Once I got it unboxed (watch Brownlee’s unboxing video for that pretty impressive experience), I wanted to just jump in and start playing around, but I should have expected that setting up what is essentially a new Apple computer would have me jumping through some of the familiar hoops, such as downloading 1password to be able to get into my accounts easily. (Thank goodness 1password’s iPad app works! It does have a bug that causes it to not work with Safari, and doing so leaves an orphan window stuck until a reboot…I filed an issue with them.)
So far, my absolute favorite experience is looking at panoramic pictures in “immersive mode”—a setting which makes the panorama wrap around you. You really feel like you’re standing in the spot where the picture was taken and can look all around. I’ve been lucky enough to travel to some pretty amazing places to ride my mountain bike, and the pictures from those places are breathtaking on this device. I can’t overstate how compelling this part is.

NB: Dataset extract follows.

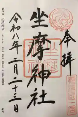 真ん中に「坐摩神社」と墨書きされ、神社印が重ねられています。右上に神紋の鷺(さぎ)、右下に「摂津國一宮」の印が押されています | |||

I shot a couple of videos in the new spatial video format with my iPhone over the holidays, but I don’t have enough of them to get the same wow factor from them. The ones I shot seemed kind of low resolution, so I’ll have to shoot more of them before I can have much of an opinion on them.
The “Memories” feature of Apple Photos is always fun to look through on an Apple TV or iPad, but there’s even more impact when looking at them through the Vision Pro. I keep two main photo libraries: photos shot on my iPhone are in Apple Photos, and photos with the larger cameras, like the Sony or Leica, are in Lightroom Classic. Now I’m considering bringing photos from Lightroom into Apple Photos, just so I can have them there for Photos to make Memories out of.
This thing is really great for watching movies and TV shows on a giant virtual screen. I watched the last two episodes of season 2 of Marvel’s What If…? (★★★☆☆) and both the show and the experience were great. The virtual environments that are available, like watching a movie from Avengers Tower overlooking New York City, are really cool. I find, though, that my favorite is the basic clean Cinema in the Apple TV app. The clutter-free environment really lets the content shine. It still offers the ability to choose a floor or balcony seat, and from front, middle, or rear rows. Sitting in the front row more than fills your field of view, like watching an IMAX movie—you have to move your head to see the the sides of the screen. Middle balcony is my favorite.
I watched a few minutes of some 3D movies and, while they absolutely look better than the 3D glasses that one has to wear in the theaters, I’m not sold yet—I was never a fan of the 3D movie movement, and I’m glad it’s passed. I’ll need to give this a better shot, but my first impression is that I’d rather watch a big 2D version.
Quite a few reviews have made a big deal about the surprisingly good audio qualities of the Vision Pro. I agree that Spatial Audio works well, and the sound is quite full given the tiny speakers in the headband. Apple has proven over and over that they can get great sound out of small speakers (MacBook Pro speakers, AirPods, and HomePods, to name a few instances), so I guess I’m not as surprised as others.
One thing I do wish were possible is to be able to AirPlay the sounds from the headset out to external speakers. I have a nice Dolby Atmos-capable home theater setup with a powerful subwoofer, and the Vision Pro can’t touch that. I want to have the giant virtual screen and my home theater sound. That seems reasonable, given that Apple TV can already send sound to AirPods. Hopefully it’ll be possible in the future, but I see no options for it now.
One last miscellaneous observation that hadn’t occurred to me, but makes sense: despite Vision Pro covering your eyes, you do actually need light in the room for it to work; it needs to be able to see your hands with its cameras to navigate. We had our power go out in a big storm that hit on Sunday, and by nighttime I was having a hard time using Vision Pro because of the low light. I was able to tether to my iPhone and get a movie started, and was OK from there, but I couldn’t do much else with the lights out.
I’m sure I’ll have more to say after spending some time with the device. One thing I’m looking forward to doing is working with my Mac through the Vision Pro, and I’m sure I’ll get to that during the week.